18 November 2020

On childrens story gaming and later play style

Long, long ago (fado, fado in Eireann) myself and 3 of my primary school buddies cooked up our own story game and I wanted to talk about this as I think it roots my play style since.

Broadly speaking, there was a disc-shaped world (guess what we had been reading) held up by wasps on the back of a giant dolphin. Not sure it would get us around IP infringement today but it served for then. Each of us had a continent on this world of Ping - Pong, Zip, Stink and Kongk - that filled out a copy-book, each of us appeared as a character in the others continent.

Our characters ran about on each others continents doing stuff, mostly putting odd plans in motion, chasing after story hooks and resolving conflicts through argument or essentially a loudly contested GM-fiat system. The fact that each of us ran and played simulutaneously kept things fairly on the level though not without some lumps and bumps.

This would have been ~1990 and at the time we were reading Fighting Fantasy books and White Dwarf and playing Heroquest and Space Crusade. We were way out in the west of Ireland, very little made its way out that far (our original White Dwarf was snatched off a shelf by one of us on a trip to the North), so all of this developed more or less in isolation from any other live gaming inputs. Having figured out there were things out there, we got subscriptions to White Dwarf (1991) then Dragon Magazine (1993). We more or less simultaneously got our hands on some Advanced Fighting Fantasy material and Black Box D&D which told us there were ways to do what we had been doing, but with systems! Dice rolling! Wierd dice! This found an easy welcome.

From there, there was an attempted launch of a AFF game that did not take off. A year or two later I ran a first D&D game which ran for a fair few sessions. At this point there were groups of friends (all boys) who had more or less moved from boardgames onto RPGs, which then got super-charged when Magic: the gathering hit town. The local book store held Friday open table sessions, this allowed like-minded folk to congregate and from there a whole bunch of different games took off - AD&D, World of Darkness, Conspiracy X, Warhammer Fantasy Roleplay.

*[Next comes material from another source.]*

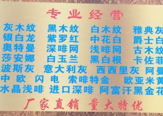 喜石多主營產(chǎn)品:范特西,巴拿馬木紋,格陵蘭灰,雅仕灰,云朵拉灰,威尼斯金,奧斯汀灰,卡慕灰,麥卡灰,月亮云灰,布拉格灰,尼泊爾灰,范思哲灰,布朗啡,索菲特金,日出印象,圣托里尼灰,西西里灰,城堡灰企業(yè)地址:福建南安水頭鎮(zhèn)遠(yuǎn)達(dá)石材城H8區(qū)喜石多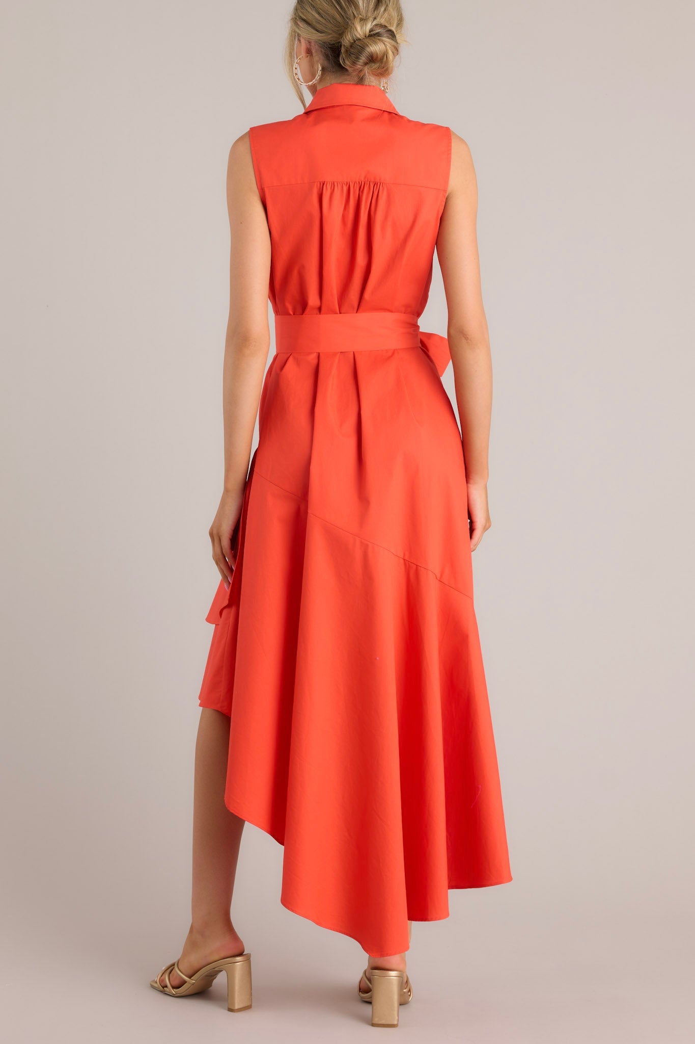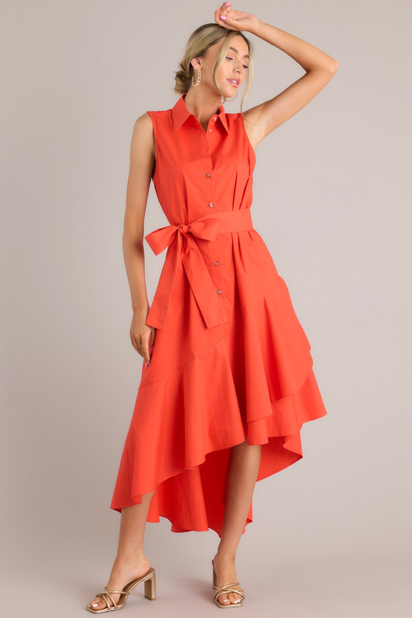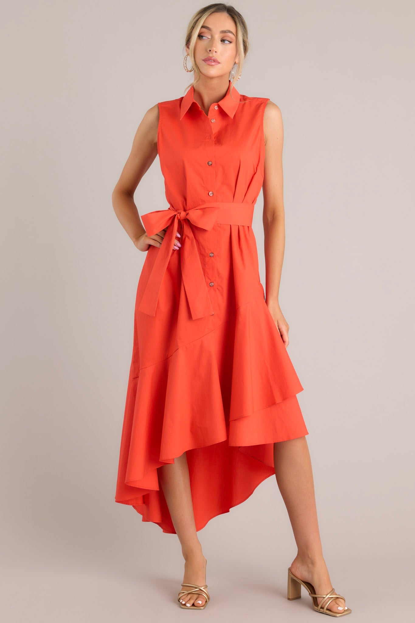 Say goodbye to fashionably late and hello to always on time with our On Time Tomato Red Asymmetrical High Low Dress! With its bold tomato red color and unique asymmetrical design, you'll be sure to make a statement at any event. Perfect for those who like to stand out from the crowd in a fun and playful way! This tomato red shirt dress features a collared neckline, a functional button front, a self-tie waist belt, and a layered asymmetrical hemline.

I think the early system-less experiences drilled in a sense of the activity being seperate from the particular system which made the statement 'for a specific setting, use system X' non-controversial for me. Always we had a DM who owned those books, knew the given system and the rest of us sat to table and played.

All this is sparked from a twitter thread I saw saying kids today find the demands of a game having a big-S story, as they have learned from watching streamed games, intimidating and a barrier to entry. While I agree with that specific point, I think the broad point of 'come for the story' refreshing as it implies there is hope that a broad ecosystem of games can flourish, each supporting different styles.

Seperately a lot of the responses to that thread saying 'story driven is bad' I think miss a distinction where people equate 'story driven' with 'rail-road' which is to chop a pretty subtle continuum into just two chunks. I fully agree with the point that if you have a story to tell and you do not want the players to interfere probably you should go write a book instead. If you have some big story hooks to drop and then you are willing to run with what the table does with those hooks - that is going to be a game. Maybe it will be a simple 'players flee the consequence of their actions' monster of the week type thing - thats fine, so long as it all makes sense.

To sum up - we got years of fun out of system-less rule-of-cool and I think that grounding in 'we come together to tell some sort of story' makes for a good foundation to then pick up a variety of systems and settings and enjoy the best of what is out there.